# What you have to do
Would you output the following records verbatim and skip the images in them?

[Source records]
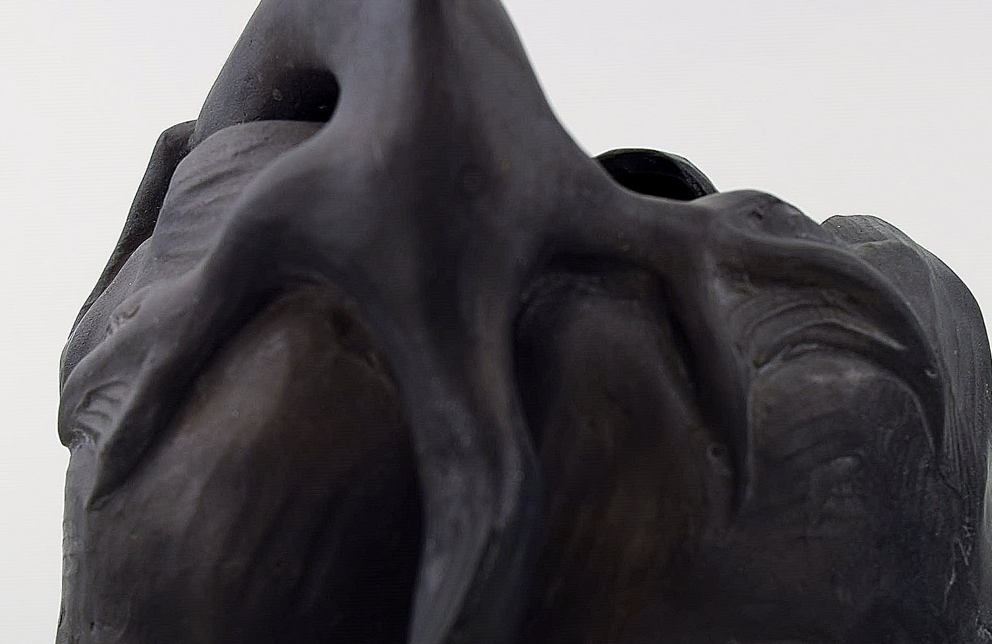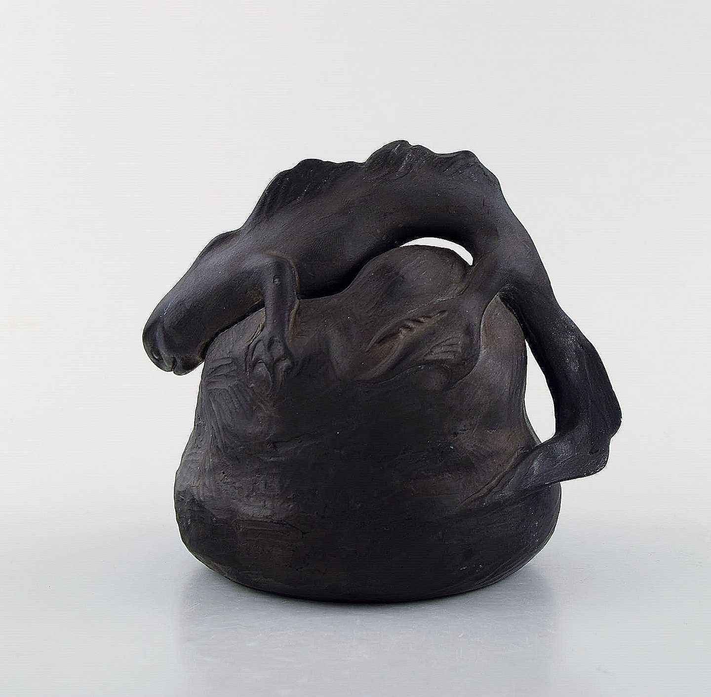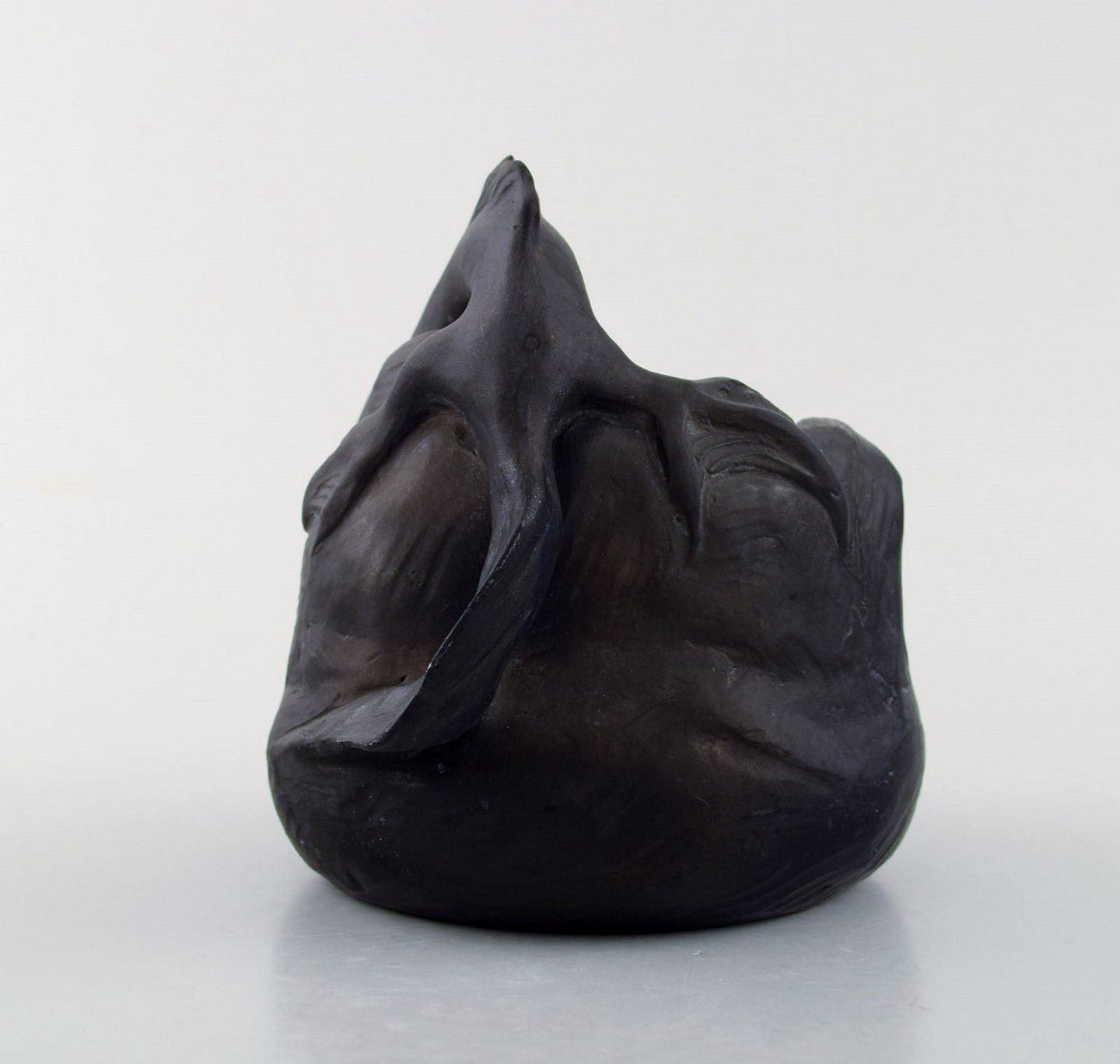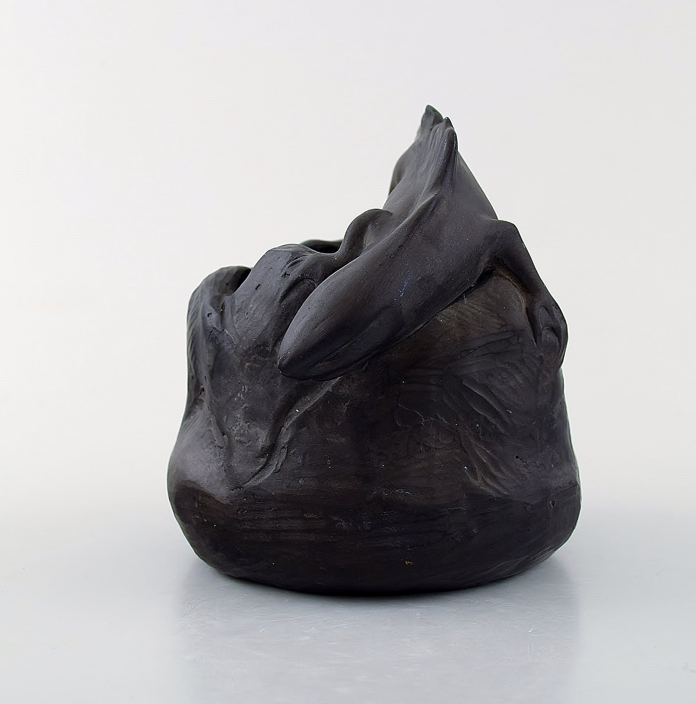 L. Hjorth, Bornholm. Art nouveau terracotta skål med salamander. Modelnummer 760. Ca. 1910. Måler: 14 x 12,5 cm. Stemplet. I perfekt stand.
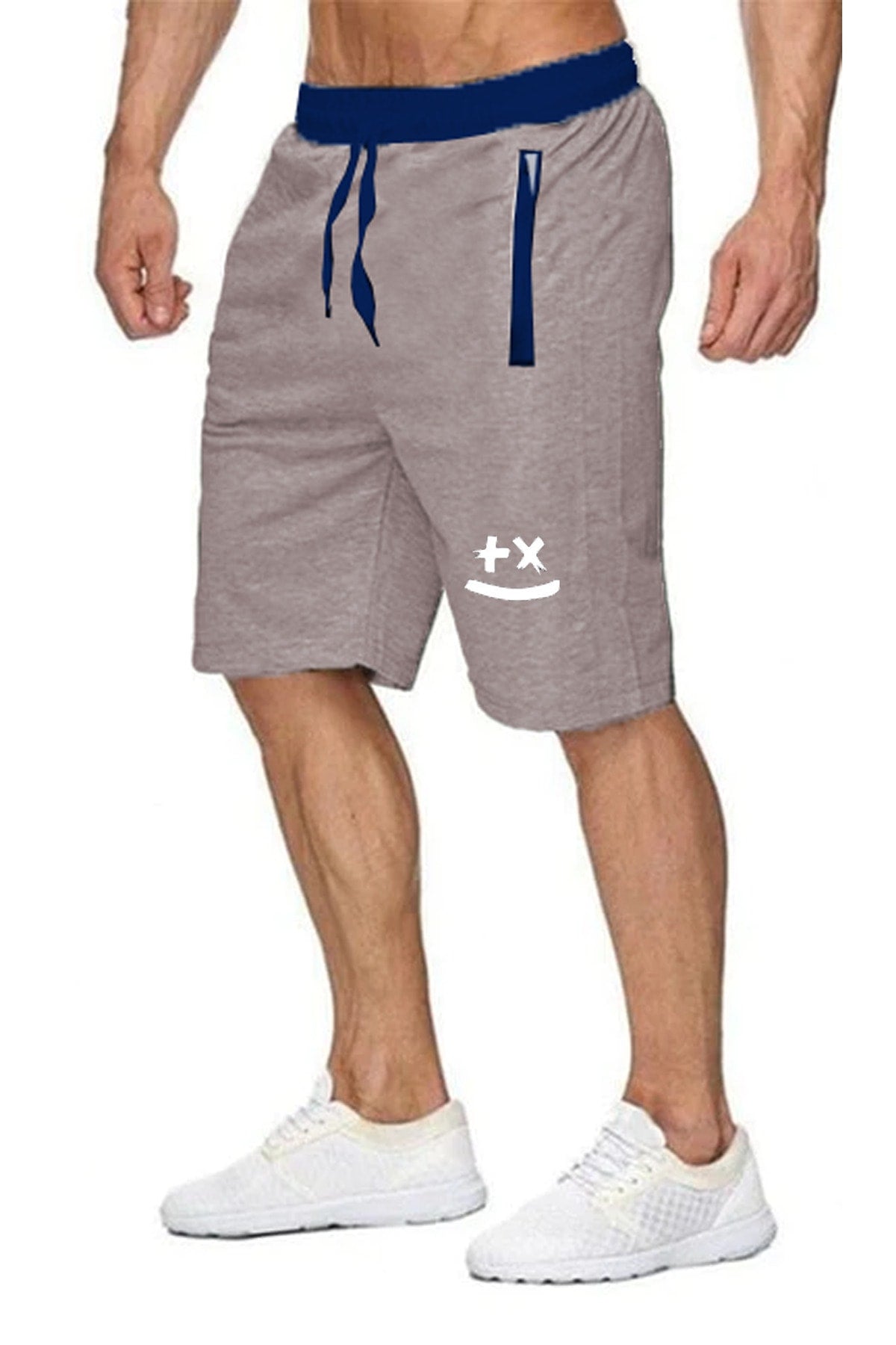 Smile Printed Navy Blue Belt Zippered Sports Shorts
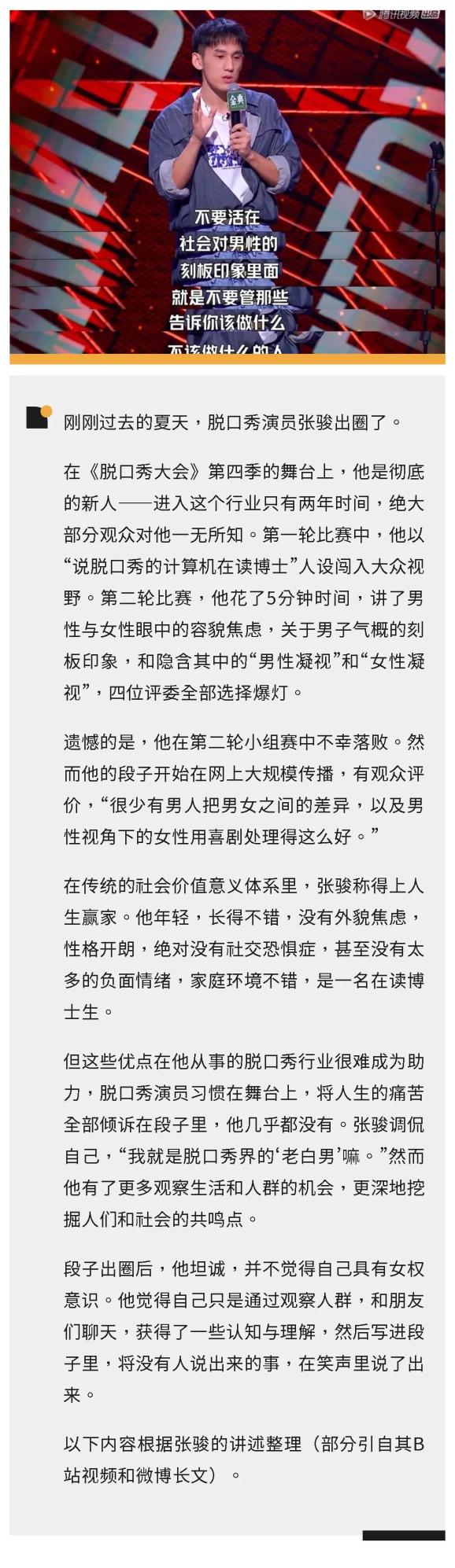 说实话,我不能说有女权意识吧。换个角度说,男人几乎不可能共情女性。因为我们是既得利益者,我们有非常多的优势,我们的特权就是我们感受不到任何的限制。我在台上讲的东西也不是说真的女权,我只是讲了一些我观察到的男女差异。我有权利平和地说出这些简单的差异,也会有人来听我讲,这还是我(男性)权利的体现。
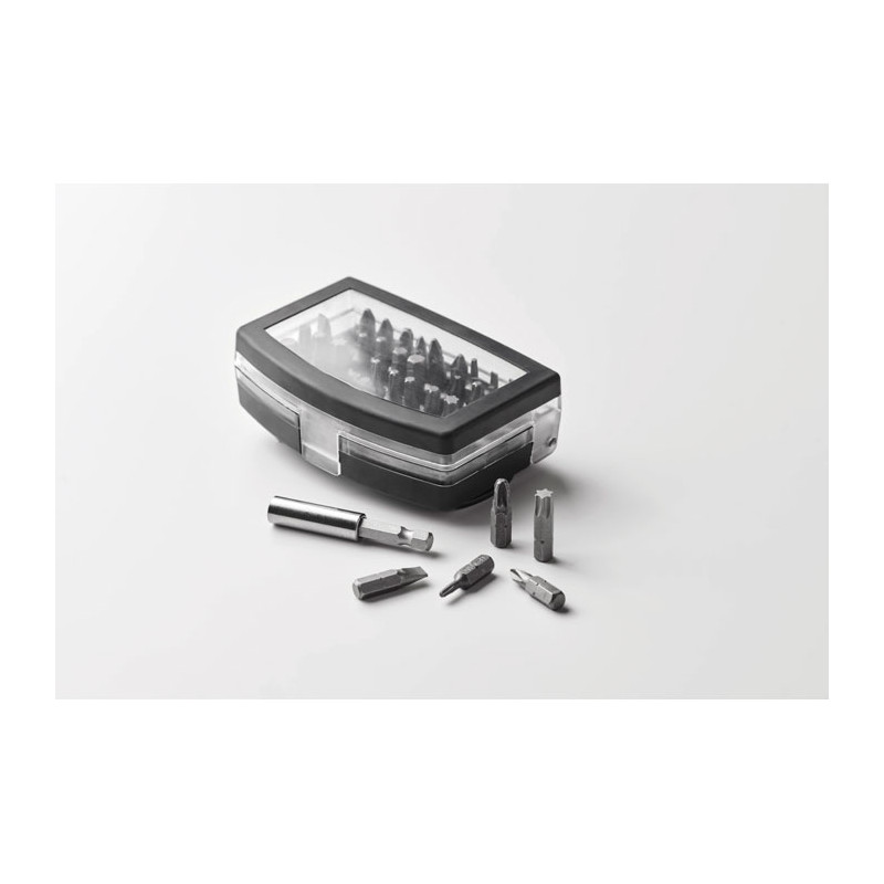 Set de 32 puntas para destornillador Screy para regalos personalizados. Incluye clips giratorios y es la solución perfecta para profesionales de mantenimiento y bricolaje.
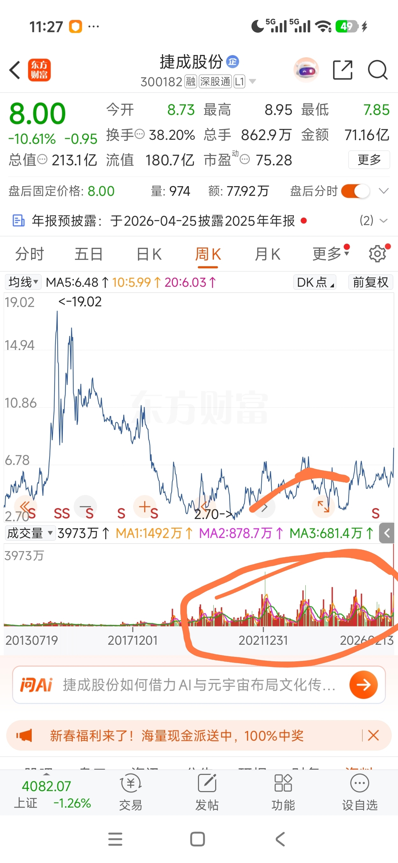 $捷成股份(SZ300182)$  春节后预测,开盘三十五个跌停,应该不是问题

# Exercise answer
 L. Hjorth, Bornholm. Art nouveau terracotta skål med salamander. Modelnummer 760. Ca. 1910. Måler: 14 x 12,5 cm. Stemplet. I perfekt stand.
 Smile Printed Navy Blue Belt Zippered Sports Shorts
 说实话,我不能说有女权意识吧。换个角度说,男人几乎不可能共情女性。因为我们是既得利益者,我们有非常多的优势,我们的特权就是我们感受不到任何的限制。我在台上讲的东西也不是说真的女权,我只是讲了一些我观察到的男女差异。我有权利平和地说出这些简单的差异,也会有人来听我讲,这还是我(男性)权利的体现。
 Set de 32 puntas para destornillador Screy para regalos personalizados. Incluye clips giratorios y es la solución perfecta para profesionales de mantenimiento y bricolaje.
 $捷成股份(SZ300182)$  春节后预测,开盘三十五个跌停,应该不是问题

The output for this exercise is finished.